Batman #23.1 (DC)


Rating: 3/5 – An unwanted glimpse into Joker’s origin.

Batman #23.1 Joker is an solid book dealing with the Joker in the New 52, prior to him losing his face.  Although it’s an entertaining read, this issue does have one problem, which to me is a big one.  Writer Andy Kubert dives into the Joker’s past by visiting his childhood, giving us just a brief glimpse into his origin.  There’s a reason why the Joker doesn’t have an origin as it takes away from his mystery.  By trying to provide reasons or justification for his craziness he becomes similar to other characters, losing what I feel makes him so unique.

This issue’s start is just that, providing one of the possible reason for how the Joker came to be.  We see a young boy who is being abused at the hands of his aunt.  It’s a powerful and disturbing scene that’s tough to read.  Although they don’t show the actual abuse take place, you know what that abuse is and it’s quite disturbing.  The book then flashes forward to the Joker in a zoo, where after thinking back to this horrific event and seeing a baby gorilla who he feels a connection to, decides to “adopt” him.  The rest of the issue explores the Joker raising this gorilla, and paralleling the raising of this gorilla to his own childhood.  Within these parallels Kubert shows us again how the Joker’s childhood was traumatizing, and how he wasn’t going to allow the same things to happen to his gorilla “son”, who he’s creatively names Jackanapes.  The humor and violence both increase as the issue goes on, finishing in a crazy ending that is true to how the Joker would act.

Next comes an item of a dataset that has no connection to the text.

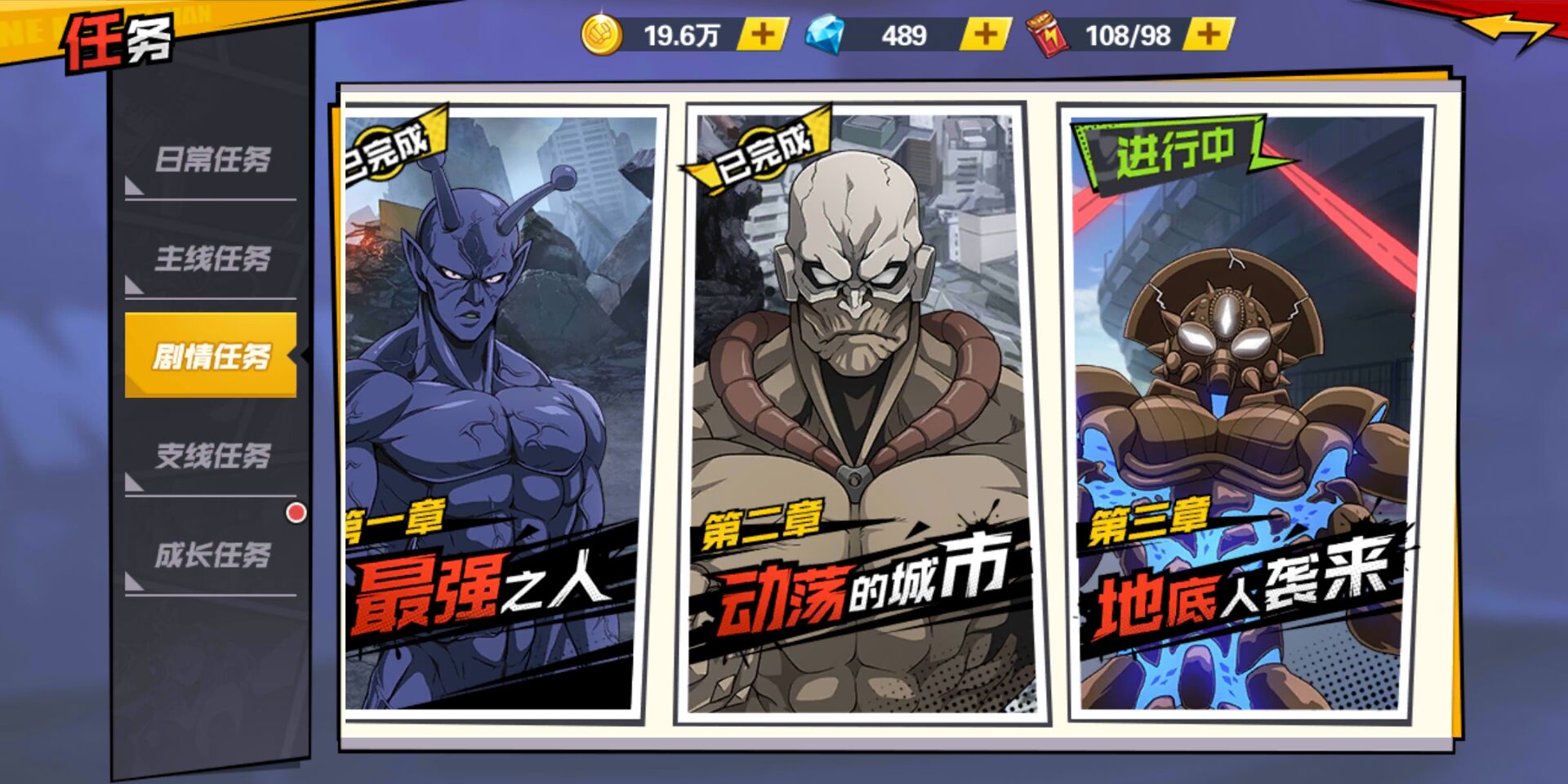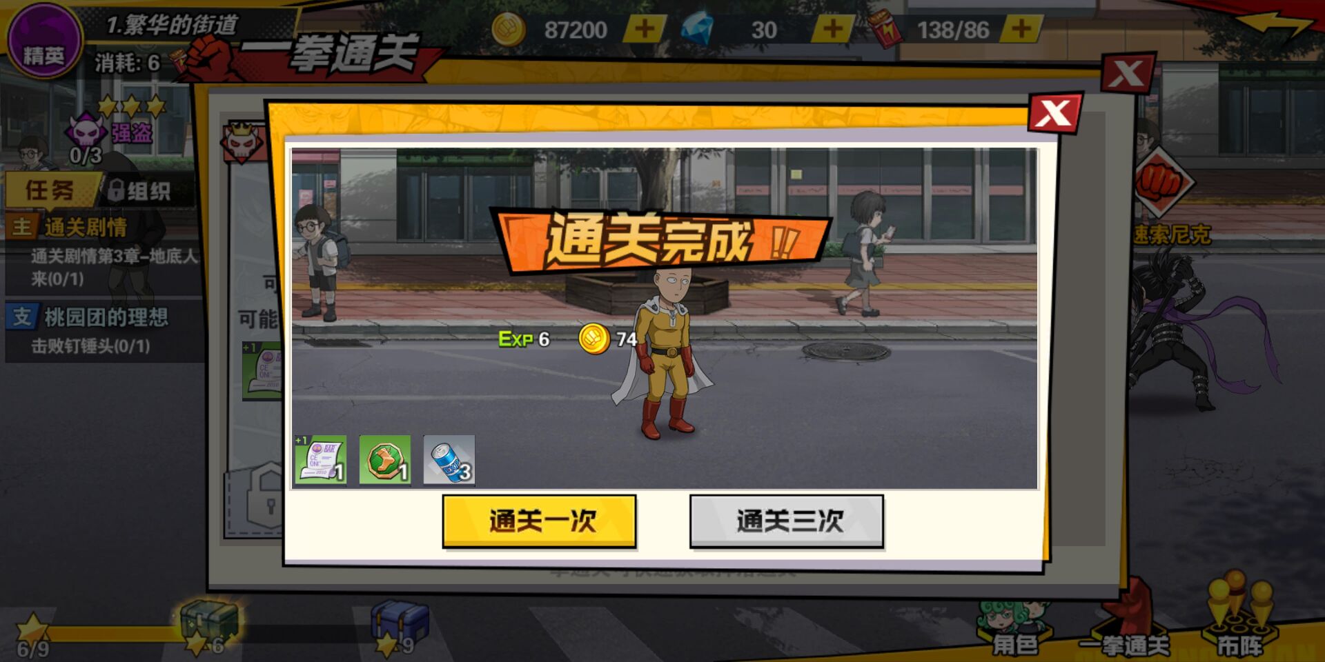 还有一个比较有意思的细节,是扫荡系统,在这款游戏里被称作了“一拳通关”,三星过关以后即可使用。虽然游戏中并不能提供一个秒天秒地的埼玉老师给玩家,但是从侧面还是展现了一些原来的味道。

Andy Clarke’s art here is excellent and his Joker is reminiscent of the Bronze Age Joker with his crazy facial features and his purple suit.  Clarke also uses two styles for his art choosing a scratchy style for the flashback origin sequences, and then going with his traditional style for the main story.  Although Clarke’s Joker isn’t as creepy as Capullo’s from the main Batman title, because Clarke shows Joker using a wide range of emotions, he comes off that much more crazy.

This book was entertaining, it’s just very difficult to agree with DC’s choice to show the Joker’s origin.  By making us feel for the Joker and trying to give us reasons for his insanity, I feel it actually disservices the character.  Although it was well done, it took away from this character and in a way, makes this New 52 Joker less intriguing.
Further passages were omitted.